Center of Structural and Cell Biology in Medicine, Institute of Chemistry and Metabolomics, University of Lübeck, Ratzeburger Allee 160, 23562 Lübeck, Germany.
Center of Structural and Cell Biology in Medicine, Institute of Biochemistry, University of Lübeck, Ratzeburger Allee 160, 23562 Lübeck, Germany.
J Am Chem Soc. 2022 Jul 27;144(29):13060-13065. doi: 10.1021/jacs.2c05603. Epub 2022 Jul 13.

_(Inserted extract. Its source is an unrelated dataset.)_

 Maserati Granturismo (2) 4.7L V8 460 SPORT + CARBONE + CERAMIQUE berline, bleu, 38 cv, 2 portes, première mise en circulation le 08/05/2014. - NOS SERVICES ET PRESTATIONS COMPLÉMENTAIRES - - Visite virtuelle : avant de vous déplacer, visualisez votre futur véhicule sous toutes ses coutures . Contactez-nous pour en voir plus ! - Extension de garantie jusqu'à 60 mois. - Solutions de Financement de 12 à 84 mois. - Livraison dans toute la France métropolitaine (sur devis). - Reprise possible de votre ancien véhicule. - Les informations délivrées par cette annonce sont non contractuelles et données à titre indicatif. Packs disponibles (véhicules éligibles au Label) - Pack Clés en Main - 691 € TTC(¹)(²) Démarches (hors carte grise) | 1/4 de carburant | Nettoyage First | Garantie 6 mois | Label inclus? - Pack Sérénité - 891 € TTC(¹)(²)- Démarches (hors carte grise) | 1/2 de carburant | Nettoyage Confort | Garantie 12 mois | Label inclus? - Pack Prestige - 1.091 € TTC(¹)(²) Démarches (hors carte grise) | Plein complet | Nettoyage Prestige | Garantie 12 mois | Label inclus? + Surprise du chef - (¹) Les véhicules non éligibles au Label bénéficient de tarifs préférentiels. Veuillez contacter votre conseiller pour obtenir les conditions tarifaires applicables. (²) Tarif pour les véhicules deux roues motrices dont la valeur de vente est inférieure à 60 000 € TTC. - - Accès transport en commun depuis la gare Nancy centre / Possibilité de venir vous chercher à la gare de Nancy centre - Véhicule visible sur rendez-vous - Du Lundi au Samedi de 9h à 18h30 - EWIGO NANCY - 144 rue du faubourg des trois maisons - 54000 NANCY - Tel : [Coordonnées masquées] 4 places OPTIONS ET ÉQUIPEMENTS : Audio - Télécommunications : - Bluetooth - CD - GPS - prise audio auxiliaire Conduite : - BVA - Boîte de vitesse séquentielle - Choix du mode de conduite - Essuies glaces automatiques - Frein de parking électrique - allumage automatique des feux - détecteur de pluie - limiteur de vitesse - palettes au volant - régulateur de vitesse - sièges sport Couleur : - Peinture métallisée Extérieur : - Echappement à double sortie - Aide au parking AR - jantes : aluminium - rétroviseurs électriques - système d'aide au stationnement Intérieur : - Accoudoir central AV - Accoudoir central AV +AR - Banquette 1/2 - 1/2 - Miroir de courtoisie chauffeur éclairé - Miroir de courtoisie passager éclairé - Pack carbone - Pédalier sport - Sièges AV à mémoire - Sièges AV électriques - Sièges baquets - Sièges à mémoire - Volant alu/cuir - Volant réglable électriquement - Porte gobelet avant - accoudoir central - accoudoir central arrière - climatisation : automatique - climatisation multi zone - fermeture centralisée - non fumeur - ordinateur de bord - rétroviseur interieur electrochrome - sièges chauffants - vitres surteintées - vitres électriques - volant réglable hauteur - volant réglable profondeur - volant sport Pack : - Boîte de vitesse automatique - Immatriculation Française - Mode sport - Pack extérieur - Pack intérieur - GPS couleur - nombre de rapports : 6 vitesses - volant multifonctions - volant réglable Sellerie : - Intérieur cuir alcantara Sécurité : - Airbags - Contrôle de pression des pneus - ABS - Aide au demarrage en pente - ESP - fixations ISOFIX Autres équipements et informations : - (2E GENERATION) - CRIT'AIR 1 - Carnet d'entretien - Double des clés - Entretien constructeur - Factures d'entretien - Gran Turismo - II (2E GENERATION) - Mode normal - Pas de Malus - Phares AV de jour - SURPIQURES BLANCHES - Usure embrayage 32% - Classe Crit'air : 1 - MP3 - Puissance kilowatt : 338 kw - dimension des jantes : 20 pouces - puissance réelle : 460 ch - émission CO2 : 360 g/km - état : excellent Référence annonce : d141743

We have used chemical shift perturbation (CSP) and saturation transfer difference (STD) NMR experiments to identify and characterize the binding of selected ligands to the receptor-binding domain (RBD) of the spike glycoprotein (S-protein) of the severe acute respiratory syndrome coronavirus 2 (SARS-CoV-2). We also subjected full-length S-protein to STD NMR experiments, allowing correlations with RBD-based results. CSPs reveal the binding sites for heparin and fondaparinux, and affinities were measured using CSP titrations. We then show that α-2,3-sialyllactose binds to the S-protein but not to the RBD. Finally, combined CSP and STD NMR experiments show that lifitegrast, a compound used for the treatment of dry eye, binds to the linoleic acid (LA) binding pocket with a dissociation constant in the μM range. This is an interesting finding, as lifitegrast lends itself well as a blueprint for medicinal chemistry, eventually furnishing novel entry inhibitors targeting the highly conserved LA binding site.
我们使用化学位移扰动(CSP)和饱和转移差异(STD)NMR 实验来鉴定和表征选定配体与严重急性呼吸综合征冠状病毒 2(SARS-CoV-2)的刺突糖蛋白(S-蛋白)的受体结合域(RBD)的结合。我们还对全长 S-蛋白进行了 STD NMR 实验,允许与基于 RBD 的结果进行关联。CSP 揭示了肝素和磺达肝素的结合位点,并通过 CSP 滴定测量了亲和力。然后,我们表明 α-2,3-唾液酸乳糖结合到 S-蛋白上,但不结合到 RBD 上。最后,组合的 CSP 和 STD NMR 实验表明,用于治疗干眼症的化合物利福昔明结合到 linoleic 酸(LA)结合口袋中,解离常数在μM 范围内。这是一个有趣的发现,因为利福昔明本身很适合作为药物化学的蓝图,最终提供针对高度保守的 LA 结合位点的新型进入抑制剂。